The present print is one from a series of six large woodcuts, together known as ‘The Large Power of Women’, all of which are very rare and considered a high-point of Leyden's graphic oeuvre. The series cannot be dated with certainty, but it is generally agreed that they were created during the first half of the 1510s, as they borrow elements from Lucas’s engraved Joseph series of 1512 and seem to anticipate elements of his engravings of 1513-14.
The woodblocks may have been cut by Lucas himself, and while the six prints do not appear to have been published together, they clearly form a series unified by theme, format, style, and mood. The theme is the power of women over men - in biblical texts, history and mythology - a subject that recurs in many of the artist's works, both in painting and print.
The power of women must have been an established topic of literary and artistic discourse as well as of popular culture in Northern Europe at the time. In his Chronique de Metz Philippe de Vigneulles (1471-1522) describes a parade held in Metz in 1511 in which the very same six subjects selected by Lucas for his set of woodcuts were represented by floats. Since the middle of the 15th century, a number of German printmakers had produced variations on the theme, beginning with the Master ES, the Master of the Housebook and the Master MZ, and continuing in the first half of the 16th century with Baldung, Cranach and Burgkmair. The woodcuts of the latter three, in particular, seem to have provided the main inspiration for the Dutch artist, as did in a more formal way Dürer's large woodcut series of the Apocalypse and the Passion of Christ.
Lucas’s depiction of these scenes is however quite distinctive from the preceding examples: the atmosphere pervading the scenes is quiet and pensive, sober yet with a ‘hint of corruption’, suffused with an air of cold cynicism. The figures, almost devoid of emotion, take on theatrical poses with an ‘immediate expressive effect as a tableau vivant’.
The present print of the Mouth of the Truth was erroneously understood by Bartsch to represent King Solomon and the Queen of Sheba. The print in fact depicts the tale of the wife of the Roman Emperor, who rightly suspected her of adultery.
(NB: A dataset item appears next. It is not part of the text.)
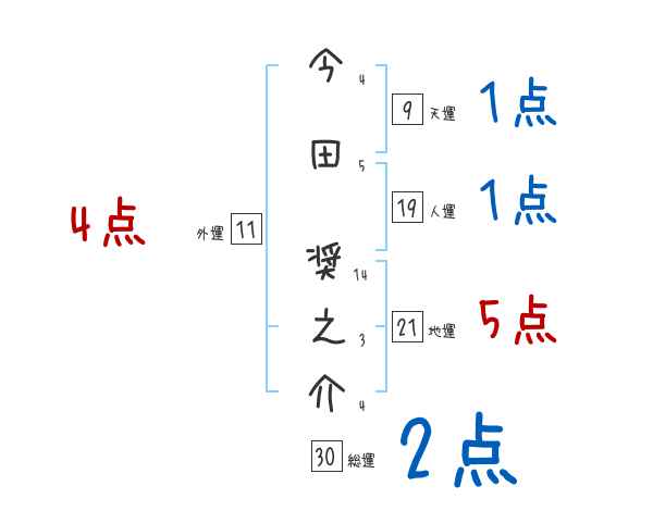 天運![]() | 今田奨之介さんの天運は9画の1つ星!消極的で才能を発揮することが苦手なことも。周りの意見に耳を傾けましょう。 家系が持つ宿命的な運勢を表します。祖先から受け継いだ苗字ですので自分の力が及びません。家柄を象徴します。 |
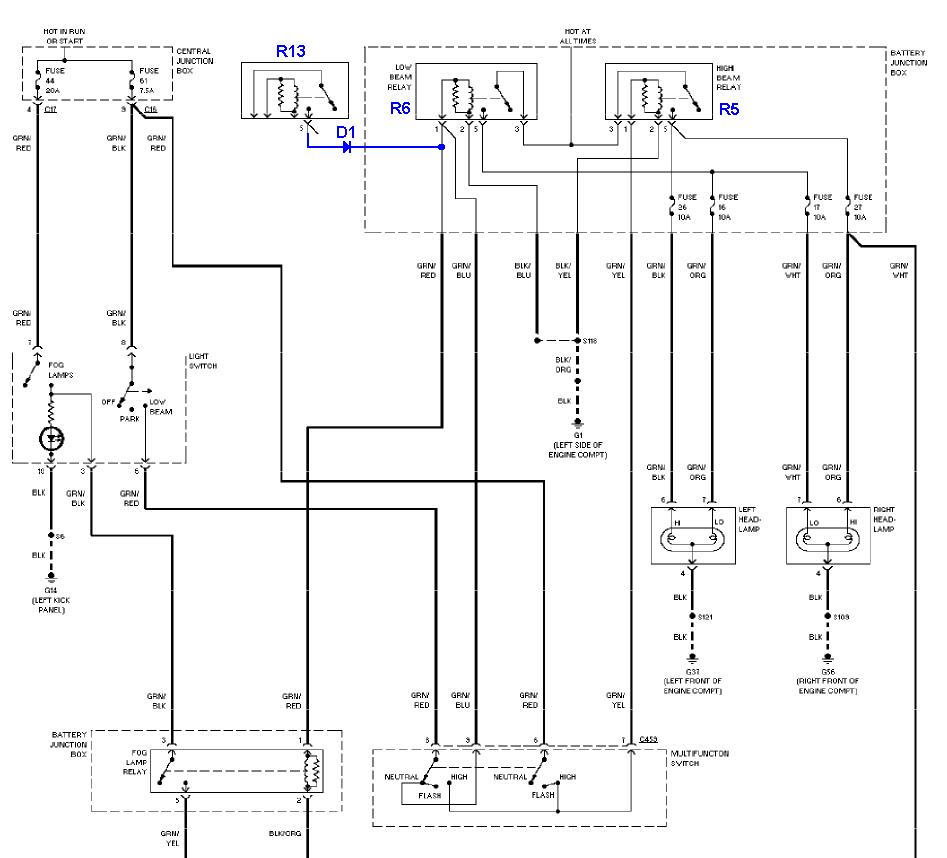 Jo a ještě k vlastní realizaci - já jsem to udělal tak, že jsem vytahal příslušná relé a doma jsem na ně připájel potřebné dráty (a diodu). Přitom jsem myslel na to, aby ty dráty moc nevadily v patici a relé tam šla zas nastrkat zpátky. Můžete to samozřejmě udělat i na straně pojistkové skříňky, ale nepřišel jsem na to, jak se jednoduše dostat k drátům, tj. vytahat ty patice pro relé.

Asked to declare her innocence with her hand in the mouth of the statue, which would bite her fingers off if she lied, the Emperor's wife instructed her lover to dress as a fool and to embrace her as she approached the statue. She then professed before the statue that she had only been embraced by her husband and the fool, which was a deception, but not a lie.
The present, strictly contemporary impression bears a Jug watermark (Hollstein 3), dated circa 1514-15.
E. S. Jacobowitz, S. L. Stepanek, The Prints of Lucas van Leyden and his Contemporaries, Washington, D.C., 1983, p. 102-123.